The movie was not made the way the artists desired, but with all the talent of that time and most of the members of the Def Jam and Rush Management family. The purpose of the movie, according to Russell Simmons, was to showcase the array of young talent emerging from New York’s black music scene and depict its vibrancy.[11]

Krush Groove was filmed in The Bronx, Manhattan (including at least one scene in the Marble Hill projects) and Queens in 26 days in April 1985 at a cost of $3 million.[1][12] Among the locations where the movie was shot was the famous Disco Fever, a popular club during the embryonic stages of hip hop that, by the time of the film, had fallen on some hard times. Disco Fever owner Sal Abbatiello expected the movie not only to turn the spotlight on the burgeoning hip-hop movement but also to “bring attention [back] to the club” and so agreed to have scenes shot there. Unfortunately, the attention surrounding the filming brought the scrutiny of the local authorities, who shut the club down for good on the last day of shooting for not having all the proper licenses and permits. There was also a scene shot in Shepard Hall of the historic City College of New York.

During an interview to celebrate the 25th anniversary of the film, Russell Simmons reflected on the legacy of Krush Groove and its position in hip-hop culture history. The film, Simmons said, is still recognizable not only for having brought together so many Def Jam stars at the time, but for also introducing new talent, such as LL Cool J. Cool J was so persistent during filming, showing up to shooting locations and performing freestyles, that producers ended up putting him in the final cut. This backdoor auditioning process became a staple of the production.
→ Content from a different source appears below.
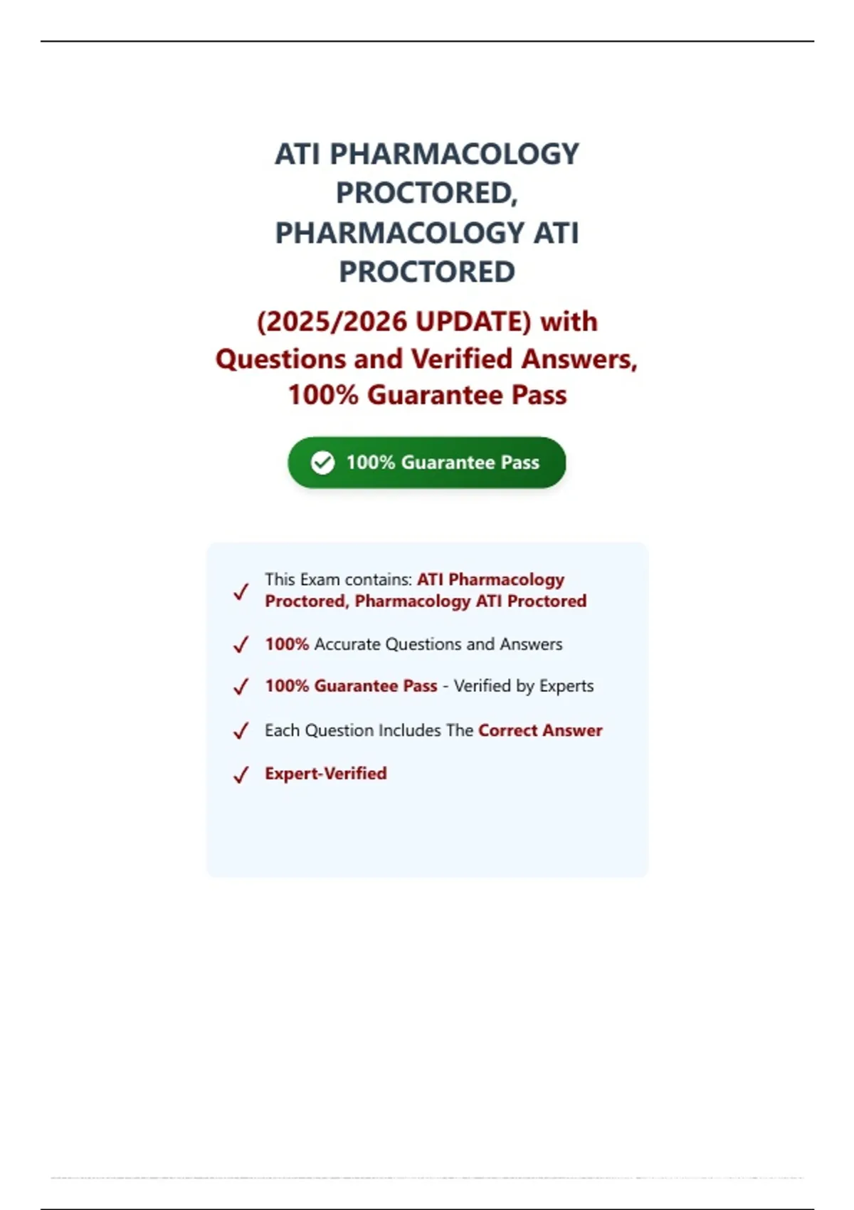 ATI PHARMACOLOGY PROCTORED, PHARMACOLOGY ATI PROCTORED

The movie received a mixed reception.[13][14] The movie currently holds a 43% rating on Rotten Tomatoes based on seven reviews.[15]

Music from the Original Motion Picture Krush Groove (also called just Krush Groove Soundtrack) is a soundtrack album by various urban-oriented artists, which was released on Warner Bros. Records in 1985. The album peaked at #79 on the Pop chart and #14 on the R&B chart. The Krush Groove soundtrack was released on Warner Bros. Records in 1985 and featured songs from the movie. Only 1,000 copies of the album were ever pressed on compact disc.[citation needed] The film was nominated for a Golden Raspberry Award for Worst Original Song for the song All You Can Eat.

The movie was released on VHS in 1986, then DVD in 2003. Among the special extras included on the DVD is commentary from Underwood, Schultz, and The Source magazine Senior Editor Brett Johnson, a theatrical trailer for the movie, and the Krush Groove All-Stars video “Krush Groovin’.”

Krush Groove is referenced in the movie Dogma (1999) as being the subject of a bet between the two fallen angels, Bartleby and Loki, on whether it was going to be a bigger movie than E.T. (1982).